Хюрю выкрасила седые волосы хной, вместо простого платка надела на голову ярко-зеленый шелковый платок, какой обычно носят на праздниках и свадьбах девушки. Шелковое платье она подвязала дорогим шелковым кушаком, привезенным из Триполи. На шею повесила три золотые монеты и ожерелье, которое носила в молодости. Улыбаясь, Хюрю ходила из дома в дом, распевая непристойные песни, от которых краснели девушки.
Узнав, что крестьяне не дали ему долю своего урожая, Абди-ага рассвирепел. Он направился к Сиясетчи и заставил его написать жалостливую телеграмму в Анкару. Выйдя от Сиясетчи, Абди-ага старался с каждым поделиться своим горем. При этом он все время плакал. Плакал он и перед каймакамом и перед жандармским начальником.
В Деирменолук был направлен большой отряд жандармов. Жандармы потребовали у крестьян часть урожая.
Мамашу Хюрю арестовали. Но ни она, ни крестьяне не проронили ни слова. Ни избиения, ни ругань не помогали. Крестьяне молчали, словно у всех поотрезали языки. Дело дошло до того, что по деревням вынужден был поехать сам начальник уезда. Но что бы он ни делал, чем бы ни грозил, крестьяне молча смотрели на него пустыми, невидящими глазами.
Первым заговорил Хромой Али:
— Мы готовы всем пожертвовать ради нашего хозяина. Кто он такой, этот разбойник Тощий Мемед? От горшка- то два вершка. Неужели мы будем выполнять его приказания? Собери мы хоть одно зерно, и его отдали бы хозяину. Ах, собака этот Тощий Мемед. В этом году неурожай. Хорошо, если мы не помрем все с голоду… Я староста Абди-аги. И я буду голодать. Будь хоть одно зерно у нас, мы отдали бы его хозяину.
Хромой Али посмотрел на крестьян, столпившихся, как стадо баранов. Они были поражены.
— Ну скажите, — обратился к ним Али, — если бы мы собрали хоть одно зерно, разве мы не отдали бы его нашему доброму хозяину?
Толпа зашевелилась.
— Отдали бы, — послышались голоса.
— А если бы он потребовал нашу жизнь? — спросил Али.
— Отдали бы.
— А если в деревню явится Тощий Мемед? — продолжал Али.
— Он не придет.
— А если придет?
— Убьем.
Не поверив крестьянам, каймакам приказал обыскать дома. Но странно: ни в одном доме не оказалось ни зернышка. Куда крестьяне могли спрятать столько зерна?
В касабу ежедневно приходили вести из деревень. Было ясно, что бунт крестьян — дело рук Тощего Мемеда.

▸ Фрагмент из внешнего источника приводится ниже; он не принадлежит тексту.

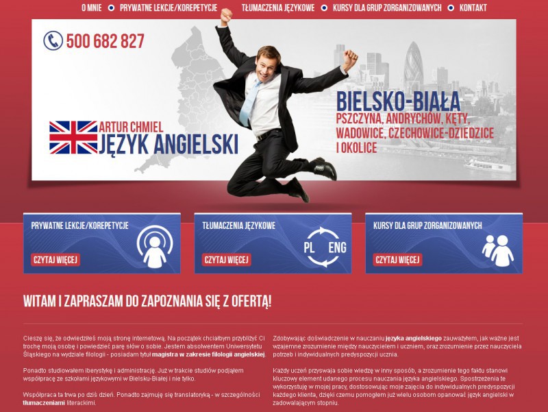 Na bazie naszego autorskiego systemu CMS stworzyliśmy stronę www dla nauczyciela, korepetytora i tłumacza języka angielskiego. Strona w sposób prosty i przejrzysty przedstawia ofertę i dokonania.
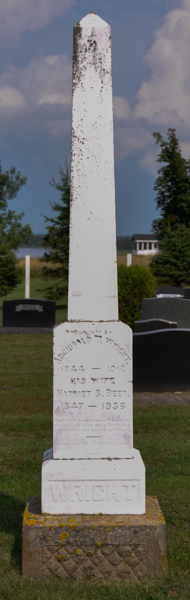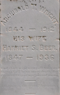 | Burial | He was buried in Bedeque Cemetery, Lower Bedeque, Prince County, Prince Edward Island, Canada, 46.34711, -63.73360G. Section C, Row 4, Stone 44Inscription: Archibald T. Wright / 1844 - 1912 / His Wife / Harriet S. Beer / 1847 - 1936 / God shall wipe away all tears, and / there shall be no more death: for / former things are passed away. / - / Abiding in the great Physician's / care.Left: Alfred Beer, / 1872 - 1886 / James Walter, / 1873 - 1900 / He giveth His beloved sleep.Right: Rebecca Jane / 1874 - 1875 / John Beer / 1876 - 1877 / Suffer little children to come / unto Me.3,4 Tombstone, Archibald Wright (1844-1912), his wife Harriet Beer (1847-1936), their children Alfred Beer (1872-1886), James Walter (1873-1900), Rebecca Jane (1874-1875), John Beer (1876-1877). Bedeque Cemetery, Lower Bedeque, Prince County, Prince Edward Island, Canada.  Front inscription detail.  Left inscription detail.  Right inscription detail. |
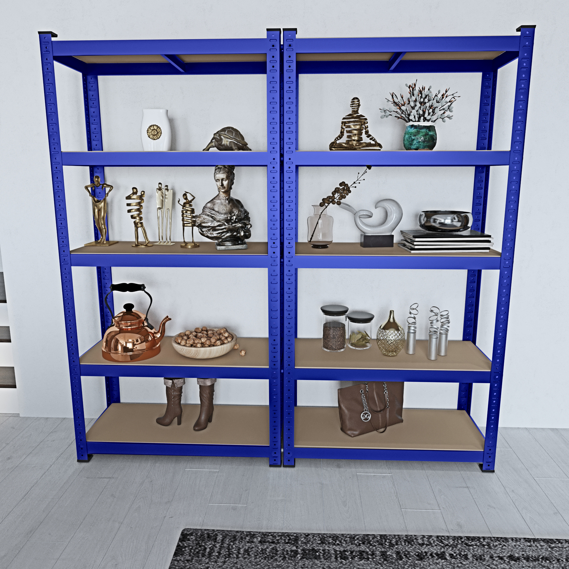 2 Scaffali In Metallo E MDF Scaffale Ad Alta Portata Fino a 875 kg Con 5 Ripiani Regolabili Ideale Per Garage Officina Cantina Capannone Magazzino Design Modulare 180 x 90 x 40 cm (Blu)

Нужно было уничтожить его.
Особенно много шума наделало убийство Хусейна-аги ночью, в его доме. Кто мог убить Хусейна-агу? Конечно, Тощий Мемед. Абди-ага обезумел от страха.

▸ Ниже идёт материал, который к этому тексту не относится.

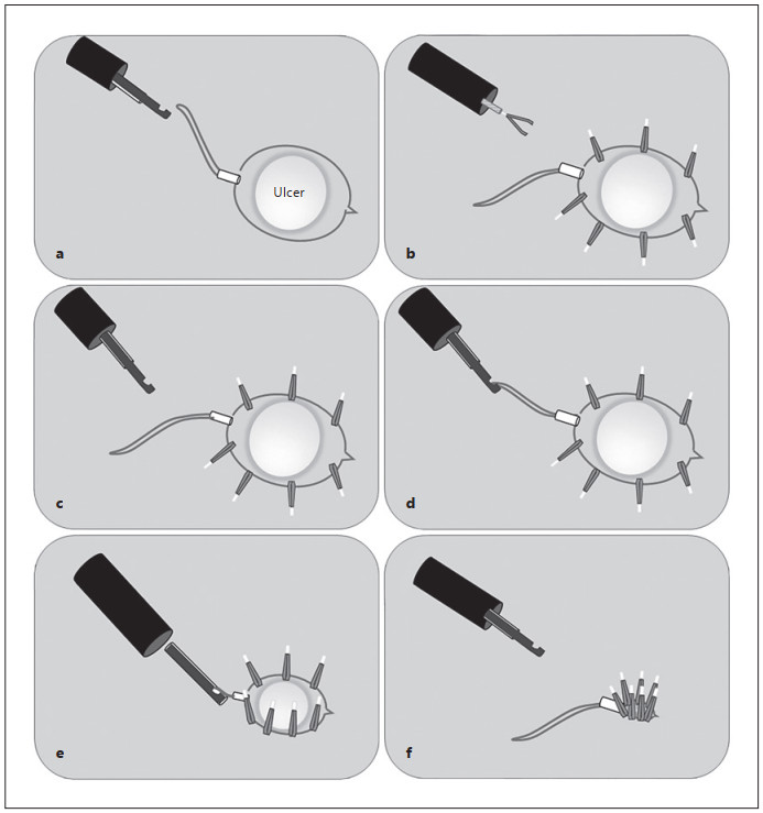 Conclusion: The SCCT could be applied in the treatment of artificial ulcers in several parts of the GI tract with a high clinical success rate and no complications. The SCCT appears to be a good option for closing artificial mucosal ulcers.

Асым Чавуш смелый, он знает горы как свои пять пальцев, но и он не может поймать Мемеда. Жандармский начальник без конца бранил его. Асыма Чавуша так затравили, что он не мог пройти по базару.
— Тощий Мемед, мальчишка, обводит вокруг пальца такого детину, Асыма Чавуша. Заставляет его плясать под свою дудку.

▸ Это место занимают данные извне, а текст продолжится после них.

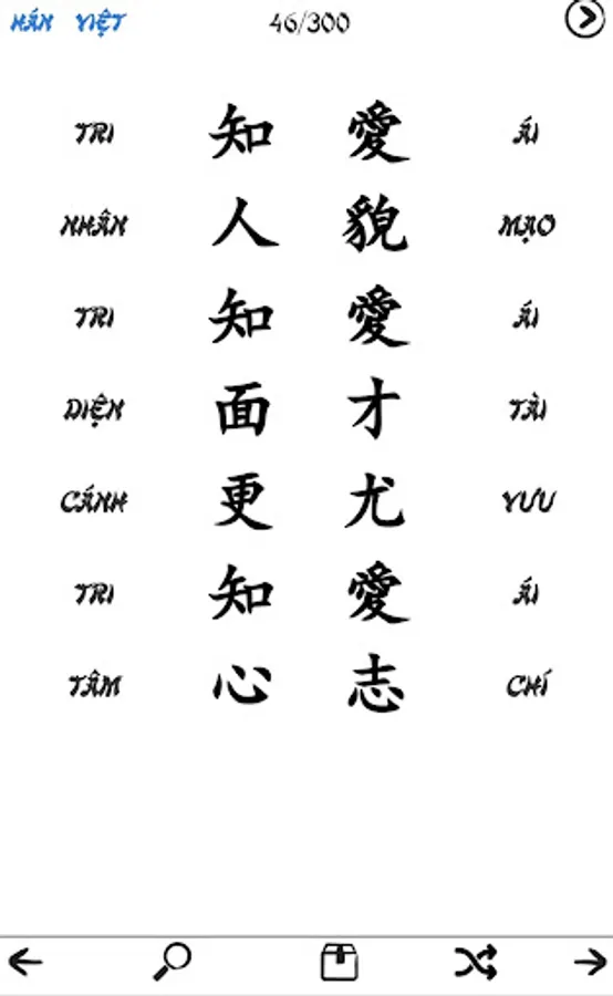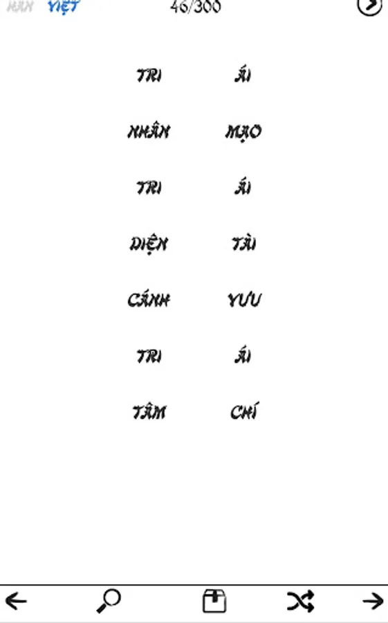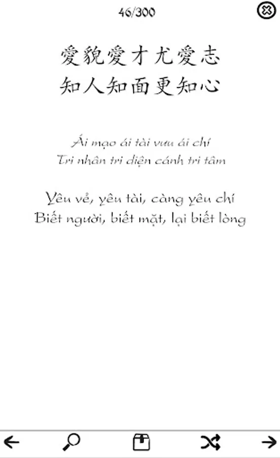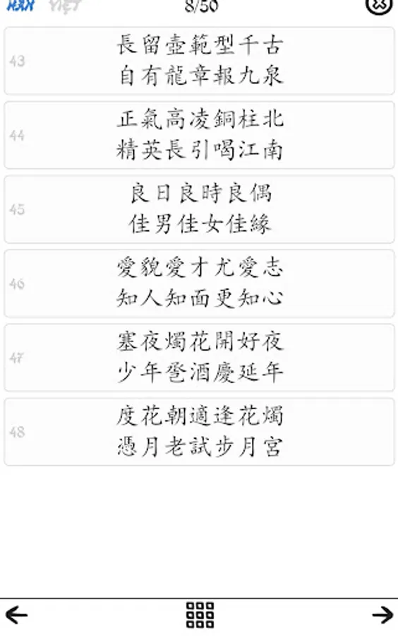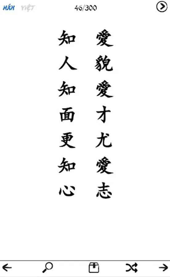 Displays the contents of 300 couplets Chinese characters in order from easy to difficult

Асым Чавуш готов был лопнуть от злости.
XXXII
На Алидаге выпал снег. Им были покрыты скалы, деревья, трава, земля. Даже небо было молочно-белого цвета. От Алидага до поросшей колючками равнины Дикенли и дальше к Акчадагу, Чичекли и Чукурове — всюду белым-бело. Ни одного темного пятнышка на бесконечном белоснежном просторе. И все это огромное пространство залито солнцем. Только иногда оно затемнялось проходившей мимо тучей. Снежная пыль, искрившаяся на солнце, слепила глаза.
Трудно приходилось обитателям пещеры. Кончились продукты. Не осталось дров… У Мемеда отросла длинная борода. Ираз побледнела, осунулась. Хатче вот-вот должна была рожать. Лицо у нее пожелтело, шея вытянулась. Волосы, когда-то черные, блестящие, теперь свисали, как сухая трава.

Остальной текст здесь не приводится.